7. If an option described in paragraph 5 will be implemented,
i. a description of the steps that will be taken by the owner or operator of the facility to implement the option,
ii. a timetable for taking the steps described in subparagraph i,
iii. an estimate of the amount by which the use of the toxic substance at the facility will be reduced as a result of implementing the option, if the substance is used at the facility,
iv. an estimate of the amount by which the creation of the toxic substance at the facility will be reduced as a result of implementing the option, if the substance is created at the facility, and
v. an estimate of the amount by which discharges of the toxic substance to air, land or water will be reduced as a result of implementing the option, if the substance is discharged to air, land or water.
The draft regulation under the Act adds numerous other details that must be included in a toxic substance reduction plan, including process flow diagrams, costs related to the use or creation of the substance and the specific statements that must be certified by the facility's highest-ranking management employee. The public summaries of the plan must, among other things: identify the substances used or created at a facility; why they are used; and include statements of the facility's intention to reduce its toxic substances and the options to do so, and if not, an explanation of why not.
The proposed regulation requires that toxic substance reduction plans be reviewed in 2018 or every five years after they are prepared, unless a notice has been delivered to the Ministry that the Act no longer applies to a facility. A review must include, among other things: a reconsideration of the intentions or non-intentions to reduce the use or creation of a toxic substance(s); a determination of the need to change any reduction objectives or targets; a review of current tracking and quantification methods; and a review of all errors in the current plan.

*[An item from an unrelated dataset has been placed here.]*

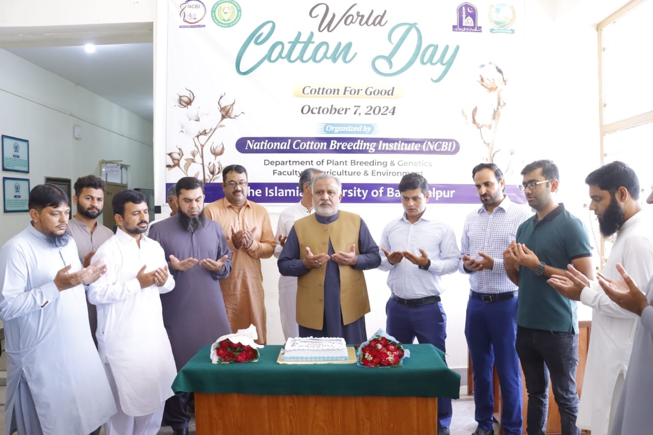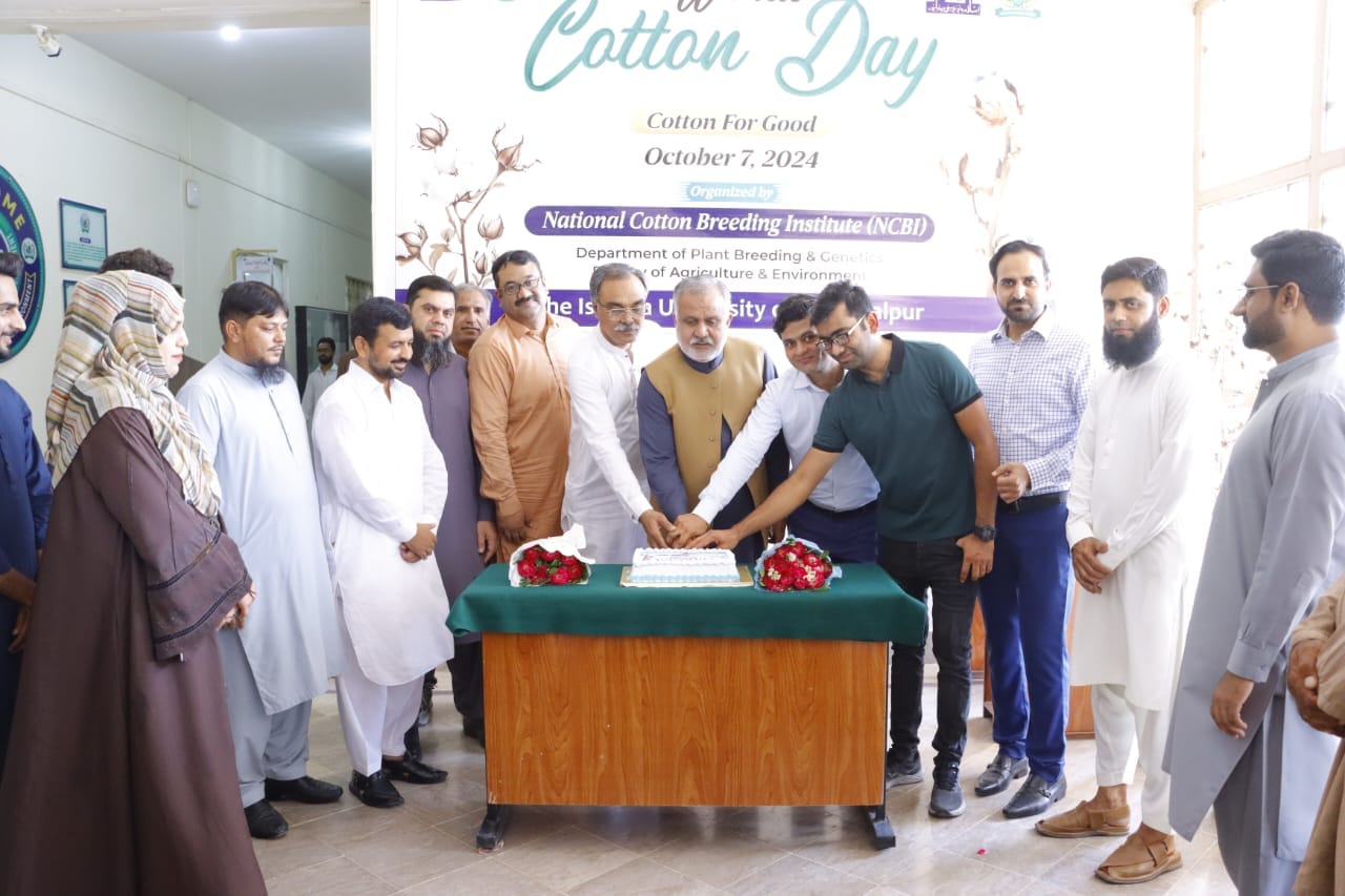 World Cotton Day Celebrated at National Cotton Breeding Institute, Islamia University of Bahawalpur - October 7, 2024. The National Cotton Breeding Institute (NCBI), Department of Plant Breeding & Genetics, Faculty of Agriculture & Environment, Islamia University of Bahawalpur (IUB), organized World Cotton Day under the theme "Cotton For Good."

A new plan must then be prepared by December 31 of the review year, along with a summary and the summary delivered to the Ministry.
The June 1 annual reports to the Ministry contain similar content to that required in the toxic substance reduction plan summaries, but they are distinct documents. Some of the information contained in the Ministry reports and the plan summaries must be made available to the public via the Internet and upon request by any member of the public, at the time that a summary or report is made. This means that the summaries must be made public on or before December 31 of the year when the reduction plan must be prepared. In addition to the publication of a plan summary by the facility owner or operator, the Ministry is also authorized by the Act to post the reduction plan summary information on the Internet.
Ontario businesses must now report on their chemical quantities and use to both the federal and provincial levels of government. What is new is that the provincial
Act now requires that a chemical reduction plan be created, reviewed from time to time, summarized for the benefit of the government and the public and, hopefully, as a result of the process, regulated businesses will find ways to reduce their use of such "toxic substances". Why the overriding imperative to reduce costs that rule all business is not a sufficient incentive to do so is hard to fathom. However, there has been a steady cry from the environmentalist community in Ontario and elsewhere to push the chemical industry and its customers to reduce and ultimately eliminate the use of toxic and not-so-toxic chemicals.
The content of this article is intended to provide a general guide to the subject matter. Specialist advice should be sought about your specific circumstances.